Without the pictures, can you quote each line below exactly?

■ **INFORMATION SHOWN**
= Beginning of Section =

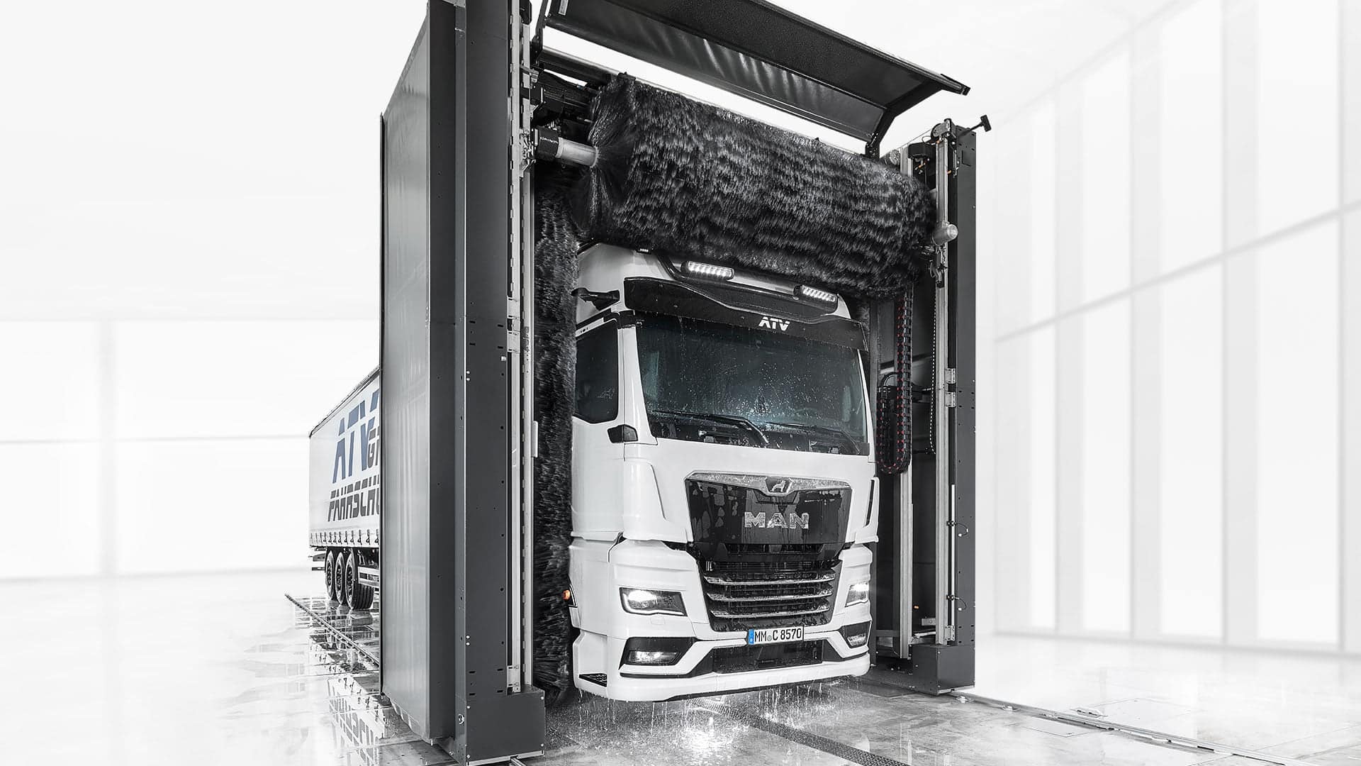 L’installation de lavage professionnelle pour tous les types de véhicules utilitaires.
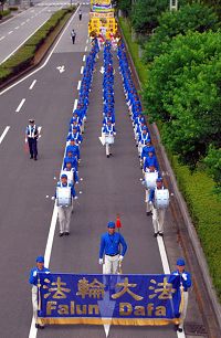 ![]() 法轮功学员在日本千叶县的海滨幕张地区游行,洪扬大法,呼吁制止中共迫害。 |
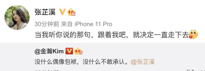 昨日,金瀚发文承认与张芷溪恋情:“没什么偶像包袱,没什么不敢承认。”
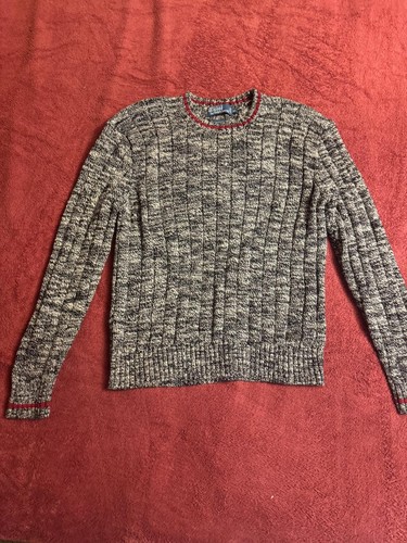 Polo Sweater Mens XL Gray Marled Cable Knit Ribbed Chunky VINTAGE

= End of Section =

■ **ANSWER FOR THE TASK**
 L’installation de lavage professionnelle pour tous les types de véhicules utilitaires.
 ![]() 法轮功学员在日本千叶县的海滨幕张地区游行,洪扬大法,呼吁制止中共迫害。 |
 昨日,金瀚发文承认与张芷溪恋情:“没什么偶像包袱,没什么不敢承认。”
 Polo Sweater Mens XL Gray Marled Cable Knit Ribbed Chunky VINTAGE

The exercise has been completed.